HOLLAR's Stability Module provides asymmetric price support - simple in one direction, sophisticated in the other.
Getting HOLLAR: Users can always buy HOLLAR from the HSM at a predictable rate close to 1 USD. This creates a reliable price ceiling - HOLLAR can't trade much above $1 because people can always get it cheaper from the facility.
Selling HOLLAR back: The HSM doesn't blindly buy any amount of HOLLAR at any time - that would be exploitable. Instead, it monitors stableswap pools and intelligently decides when and how much HOLLAR to buy based on genuine market conditions, providing smart price support when HOLLAR is actually undervalued.
Why this design matters: If both directions used simple fixed pricing, manipulators could exploit the HSM by artificially moving stableswap prices and forcing it to buy HOLLAR at bad rates. The smart buyback prevents this while still providing genuine price support.

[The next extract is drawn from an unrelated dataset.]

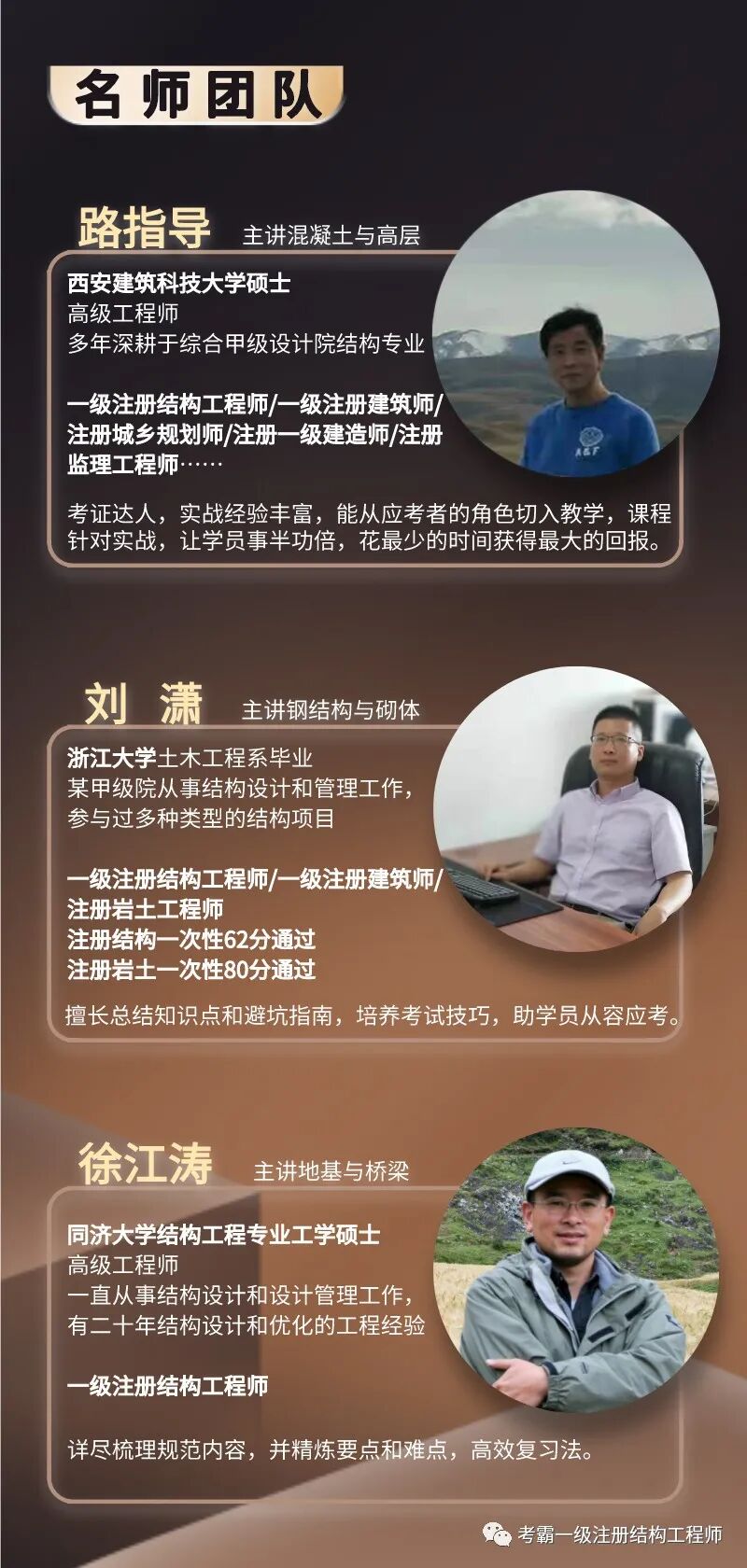一流的讲师团队三名讲师都是优秀的考证达人+资深一线结构工程师,备考能力与实践经验双一流

The HSM generates revenue by deploying received stablecoins into yield-earning strategies, meaning it can provide price stability while actually making money, rather than burning through reserves like traditional currency pegs.
Using HOLLAR
Minting HOLLAR
To mint your first HOLLAR tokens:
- Go to the Hydration Borrow Markets: Visit https://app.hydration.net/borrow/markets
- Supply your collateral: Choose from the supported assets (DOT, ETH, vDOT, USDT, USDC, tBTC, WBTC) and deposit the amount you want to use as collateral
- Mint HOLLAR: Once your collateral is supplied, you can borrow/mint HOLLAR up to your loan-to-value limit
Your position will begin accruing interest at the current rate of 5.12% annually.
Managing Your Position
Monitor and adjust your HOLLAR position through the dashboard:
- Go to your Borrow Dashboard: Visit https://app.hydration.net/borrow/dashboard
- Increase your health factor: If your position is getting risky, provide more collateral to strengthen it
- Repay HOLLAR: Pay back your debt (plus accrued interest) to unlock your collateral for withdrawal
- Mint more HOLLAR: If you have remaining borrowing capacity, you can mint additional HOLLAR against your existing collateral
Keep your health factor above 1.0 to avoid liquidation.
Risk Considerations
Collateral Volatility
Since HOLLAR is backed by crypto assets that can be volatile, users face the risk of liquidation if their collateral value declines. Different assets carry different risk profiles - stablecoins like USDT and USDC offer lower volatility but may have lower loan-to-value ratios, while assets like ETH and DOT may offer higher borrowing capacity but carry greater liquidation risk.
Peg Stability
HOLLAR aims to maintain a $1.00 peg through the HOLLAR Stability Module and market mechanisms, but extreme market conditions could cause temporary deviations. The facility provides significant protection against peg breaks, but cannot guarantee perfect stability in all conditions.
Smart Contract Risk
While HOLLAR builds on proven GHO architecture that has been battle-tested, the HSM represents new functionality with its own risk profile. Users should consider their exposure and position sizes accordingly.